4. The single-level gated multimodal fusion method with two-level cross-attention as described in claim 1, characterized in that, Text vector H l After one single-head self-attention encoding, vector A is obtained. l The formula is: A l =SHA1(H l ,H l ,H l ) Where SHA1 represents single-head self-attention encoding, H l A represents a text vector. l This represents the output vector of a single-head self-attention encoding. Vector A l and image vector H v Perform a single-head cross-attention encoding to obtain vector A. v,0 The formula is: A v,0 SHA2(A l H v H v ) Where SHA2 represents the first single-head cross-attention encoding, H v A represents an image vector. v,0 This represents the output vector of the first single-head cross-attention encoding; Vector A v,0 and image vector H v Perform another single-head cross-attention encoding to obtain the cross vector A. v,l The formula is: A v,l SHA3(A v,0 H v H v ) Where SHA3 represents the second single-head cross-attention code, A v,l This represents the output vector of the second single-head cross-attention encoding; Text vector H l and cross vector A v,l After concatenation, the gating vector is predicted through linear transformation and the Sigmoid activation function, as shown in the formula: λ=Sigmoid(Linear(H l ,l v,l )),λ∈[0,1] Where λ represents the gate vector, Linear(·) represents the linear transformation, and Sigmoid(·) represents the Sigmoid activation function; Text vector H l and cross vector A v,l After proportionally fusing the gated vectors, a fused vector is obtained. The formula is: H out =λ×A v,k +(1-λ)×H l Among them, H out This represents the fusion vector.
5. The single-level gated multimodal fusion method with two-level cross-attention as described in claim 1, characterized in that, The image encoder is a VIT encoder.
6. The single-level gated multimodal fusion method with two-level cross-attention as described in claim 5, characterized in that, The image encoder is followed by a linear projection layer, which maps the image vectors to the same dimensional space as the text vectors.
7. The single-level gated multimodal fusion method with two-level cross-attention as described in claim 1, characterized in that, Before the input text passes through the embedding layer, a word segmenter is used to split the input text into multiple sub-words, and each sub-word is mapped to an ID.
8. The single-level gated multimodal fusion method with two-level cross-attention as described in claim 7, characterized in that, The word segmenter is based on the Unigram language model and splits the input text into multiple sub-words.
9. The single-level gated multimodal fusion method with two-level cross-attention as described in claim 1, characterized in that, The text encoder is a T5 encoder, which includes multiple T5 blocks.

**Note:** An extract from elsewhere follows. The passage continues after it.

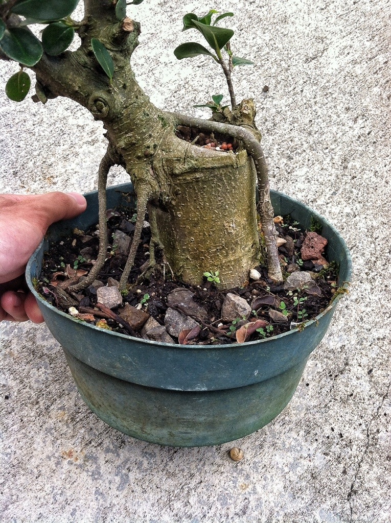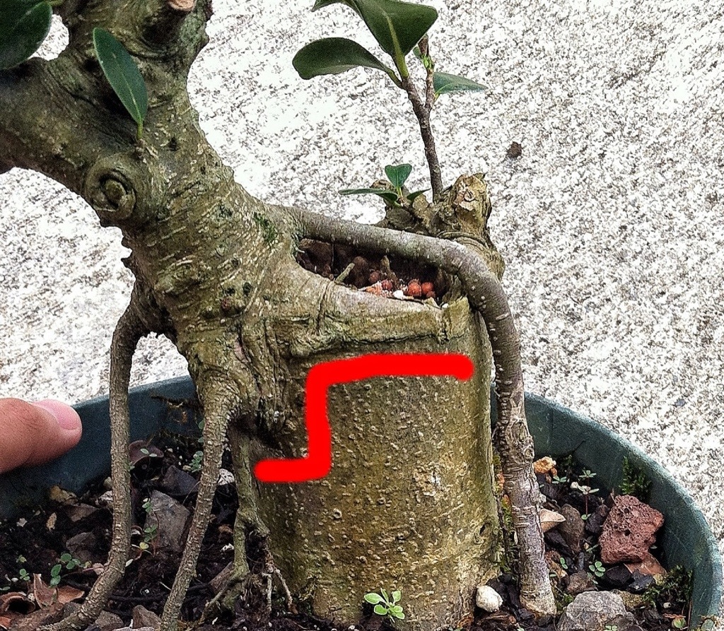 I was wondering if you’d entertain a question, or maybe more a plea for advice. Attached are a couple pictures of a small-leaved ficus I bought cheap from a local nursery. It looks like it got chopped back HARD at some point and has a hilariously wide and awkward stump (about soda can diameter). I root pruned and repotted it a few months ago and its doing well.

Each T5 block includes a self-attention layer and a feedforward layer connected in sequence.
10. The single-level gated multimodal fusion method with two-level cross-attention as described in claim 1, characterized in that, The decoder is a T5 decoder, which includes multiple T5 blocks. Each T5 block includes a self-attention layer, a cross-attention layer, and a feedforward layer connected in sequence.